** Supplied information **

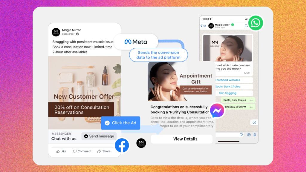 Facebook có công cụ Messenger, Whatapp, cho phép doanh nghiệp chuyển đổi ngay trên nền tảng
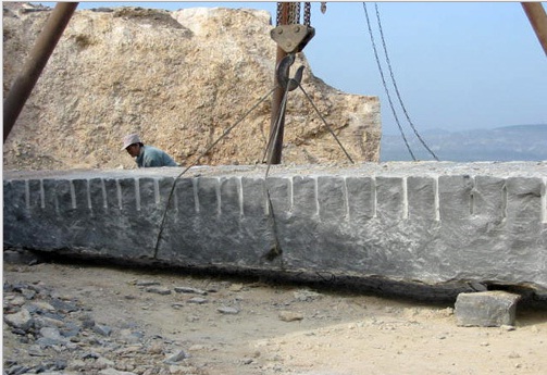 1.1用凿岩机在岩石上钻孔,钻孔直径取决于劈裂机楔块组件工作部分的外径大小,而楔块组件的大小取决于现场的岩石大小,岩石体积较大,选用大直径楔块组件,还可小直径多孔,岩石体积较小,选用小直径楔块组件。钻孔深度一般为300一400mm。钻孔时注意,矿石钻孔的方位应垂直于孔所在的表面,孔的大小应与劈裂机的直径相适应,钻孔的深度比楔块组件插人长度深110一150mm。严禁打斜孔和浅孔,不应在受力不好的位置打孔。
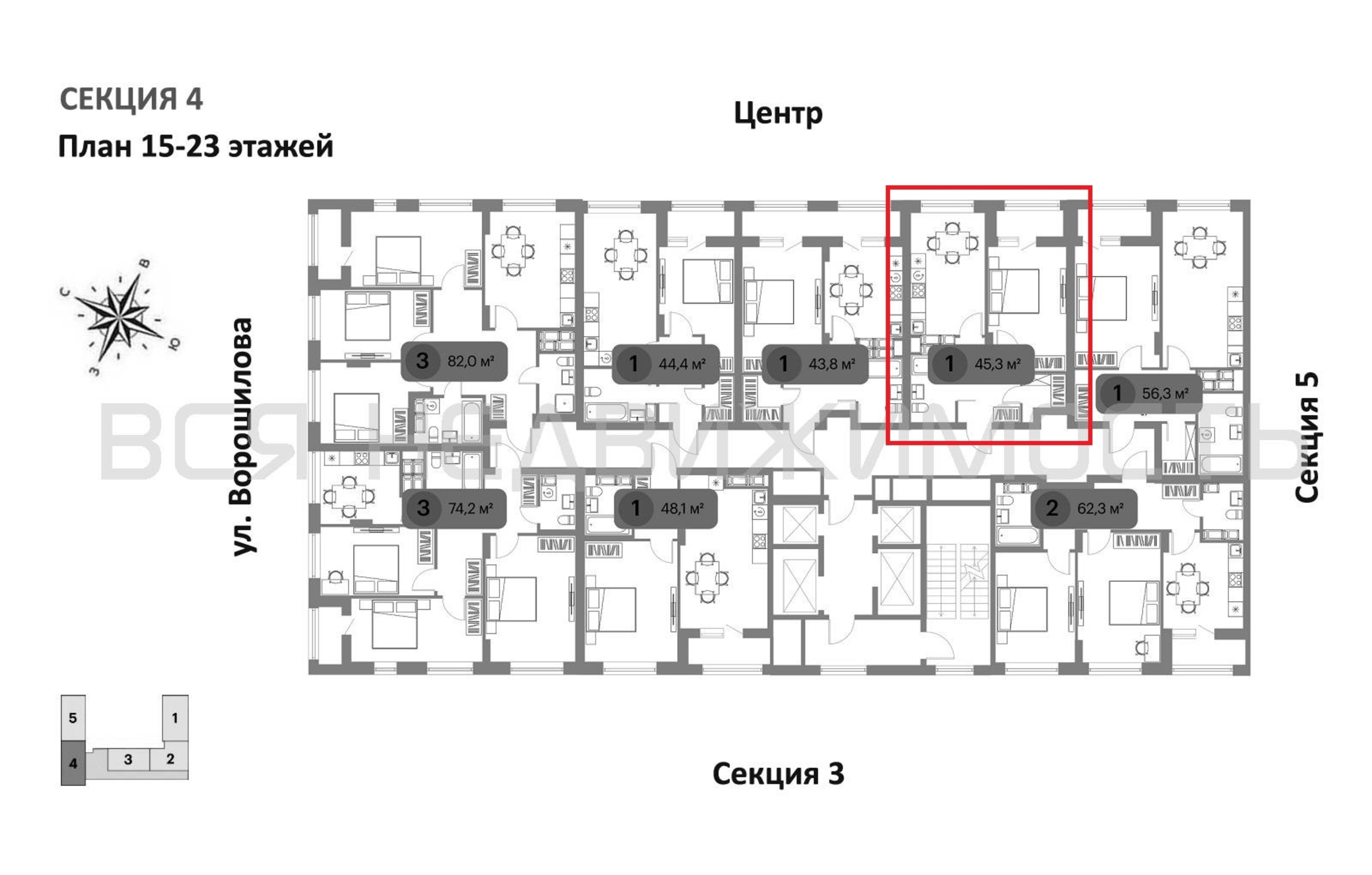 1-комнатная квартира, 45.30 м² 22/23 этаж ID объекта 100139328
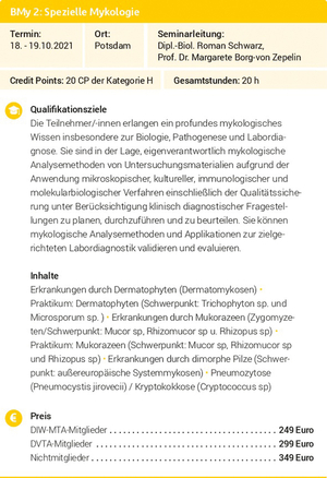 Auch die Durchführung der Kurse „Repetitorium Mykologie“ und „Spezielle Mykologie“, die im Oktober 2020 in Potsdam stattfanden, zeigten die Unwegsamkeiten der Pandemie auf, die schlussendlich jedoch erfolgreich beseitigt werden konnten. Da der Dozent des Seminars, Roman Schwarz, aus Köln stammt, galt für ihn ein Beherbergungsverbot in Potsdam, sodass verschiedene Möglichkeiten im Vorfeld diskutiert wurden, wie das Seminar doch noch stattfinden könnte. Schlussendlich wurde das Beherbergungsverbot kurz vor Seminarbeginn von Gerichten gekippt, sodass Roman Schwarz regulär nach Brandenburg einreisen und unterrichten durfte. Nicht nur Roman Schwarz, sondern auch Frau Reuter sei für ihr Engagement gedankt, dass das Seminar so erfolgreich stattfinden konnte. Denn auch vor Ort musste ein ausgeklügeltes Hygienekonzept zur Durchführung des Seminars umgesetzt werden. So waren nur drei Teilnehmende vor Ort, die restlichen Teilnehmenden waren online zugeschaltet. Leider mussten demzufolge einige praktische Teile wie das selbstständige Mikroskopieren wegfallen, aber die online zugeschalteten Teilnehmenden konnten digital ihren Kollegen/-innen über die Schulter schauen und Fragen stellen. Für das kommende Jahr 2021 sind die Seminare bereits wieder terminiert, in der Hoffnung, dass sie regulär in Potsdam stattfinden können.

** What is being asked **
Exactly as written, copy out the listing, but without any pictures.

** Your solution **
 Facebook có công cụ Messenger, Whatapp, cho phép doanh nghiệp chuyển đổi ngay trên nền tảng
 1.1用凿岩机在岩石上钻孔,钻孔直径取决于劈裂机楔块组件工作部分的外径大小,而楔块组件的大小取决于现场的岩石大小,岩石体积较大,选用大直径楔块组件,还可小直径多孔,岩石体积较小,选用小直径楔块组件。钻孔深度一般为300一400mm。钻孔时注意,矿石钻孔的方位应垂直于孔所在的表面,孔的大小应与劈裂机的直径相适应,钻孔的深度比楔块组件插人长度深110一150mm。严禁打斜孔和浅孔,不应在受力不好的位置打孔。
 1-комнатная квартира, 45.30 м² 22/23 этаж ID объекта 100139328
 Auch die Durchführung der Kurse „Repetitorium Mykologie“ und „Spezielle Mykologie“, die im Oktober 2020 in Potsdam stattfanden, zeigten die Unwegsamkeiten der Pandemie auf, die schlussendlich jedoch erfolgreich beseitigt werden konnten. Da der Dozent des Seminars, Roman Schwarz, aus Köln stammt, galt für ihn ein Beherbergungsverbot in Potsdam, sodass verschiedene Möglichkeiten im Vorfeld diskutiert wurden, wie das Seminar doch noch stattfinden könnte. Schlussendlich wurde das Beherbergungsverbot kurz vor Seminarbeginn von Gerichten gekippt, sodass Roman Schwarz regulär nach Brandenburg einreisen und unterrichten durfte. Nicht nur Roman Schwarz, sondern auch Frau Reuter sei für ihr Engagement gedankt, dass das Seminar so erfolgreich stattfinden konnte. Denn auch vor Ort musste ein ausgeklügeltes Hygienekonzept zur Durchführung des Seminars umgesetzt werden. So waren nur drei Teilnehmende vor Ort, die restlichen Teilnehmenden waren online zugeschaltet. Leider mussten demzufolge einige praktische Teile wie das selbstständige Mikroskopieren wegfallen, aber die online zugeschalteten Teilnehmenden konnten digital ihren Kollegen/-innen über die Schulter schauen und Fragen stellen. Für das kommende Jahr 2021 sind die Seminare bereits wieder terminiert, in der Hoffnung, dass sie regulär in Potsdam stattfinden können.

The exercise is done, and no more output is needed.